- Duration: 21 March 2023 – 24 March 2022
- Games played: 7
- Teams: 8
- TV partner(s): Max Sport

Regular season
- Season MVP: Pavlov

Finals
- Champions: Levski Sofia
- Runners-up: CSKA Sofia
- Semifinalists: Chernomorets, Balkan Botevgrad

Statistical leaders
- Points: Tucker 25.5
- Rebounds: Wiggins 15.0
- Assists: Lilov 7.0

Records
- Highest scoring: Levski Sofia 86–81 CSKA Sofia (24 March 2023)

= 2023 Bulgarian Basketball Cup =

The 2023 Bulgarian Basketball Cup is the 69th edition of the annual cup tournament in Bulgaria. It is managed by the Bulgarian Basketball Federation and will be held in Sofia, Arena Sofia. The competition starts on 21 March 2023, with the quarterfinals, and ended with the Final on March 24, 2023.

== Qualified teams ==
The first eight teams qualified after the first stage of the 2022–23 NBL regular season.
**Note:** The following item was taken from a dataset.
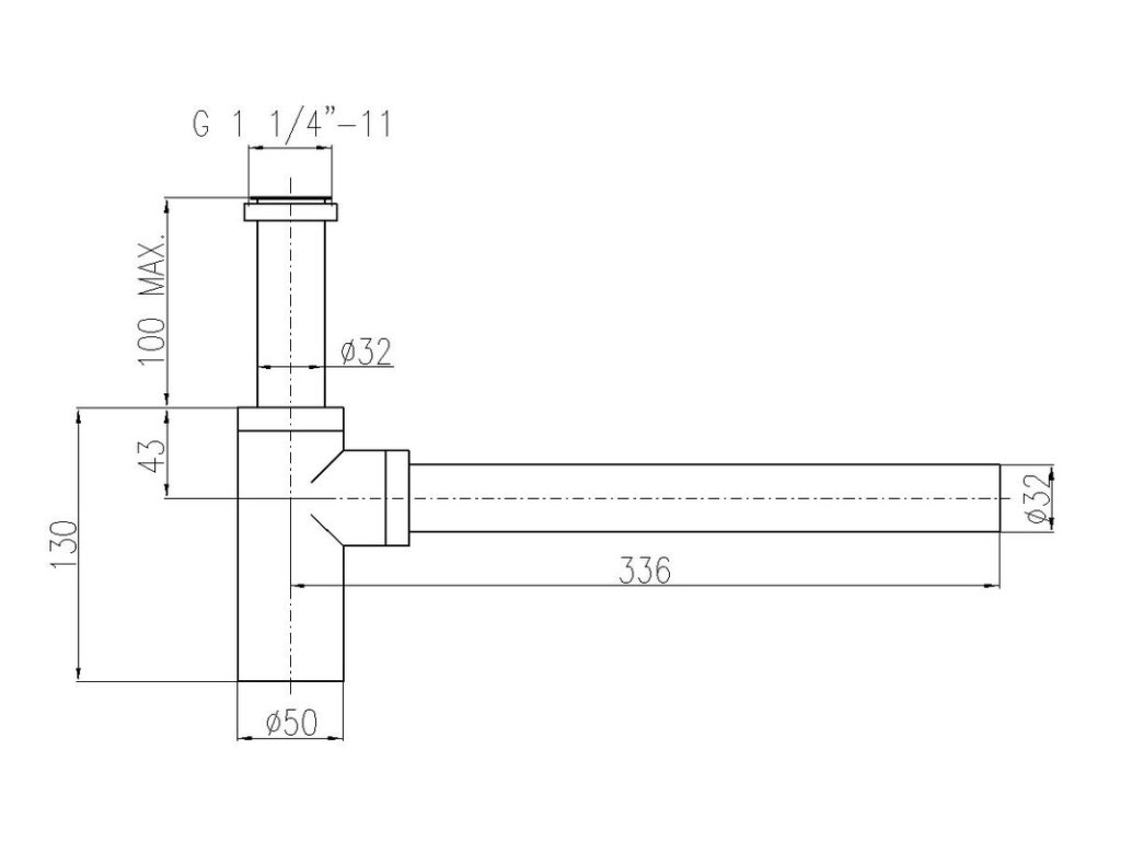 сифон для умывальника 5/4", d32 мм., горизонтальный выпуск 300 мм., металл, цвет золотистый глянцевый, арт. MD0232Z, RAV Slezák

| Pos | Team | Pld | W | L | Seed |
| 1 | Rilski Sportist | 20 | 19 | 1 | Seeded teams |
| 2 | Balkan Botevgrad | 20 | 16 | 4 |
| 3 | CSKA | 20 | 12 | 8 |
| 4 | Levski | 20 | 12 | 8 |
| 5 | Chernomorets | 20 | 11 | 9 | Non-seeded Teams |
| 6 | Spartak Pleven | 20 | 10 | 10 |
| 7 | Beroe | 20 | 9 | 11 |
| 8 | Yambol | 20 | 7 | 13 |
| 9 | Academic Plovdiv | 20 | 6 | 14 | Did not qualify |
| 10 | Cherno More Ticha | 20 | 5 | 15 |
| 11 | Shumen | 20 | 3 | 17 |

== Draw ==
The 2023 Bulgarian Basketball Cup was drawn on 8 March 2022 at approximately 12:00. The seeded teams were paired in the quarterfinals with the non-seeded teams. There were not any restrictions for the draw of the semifinals.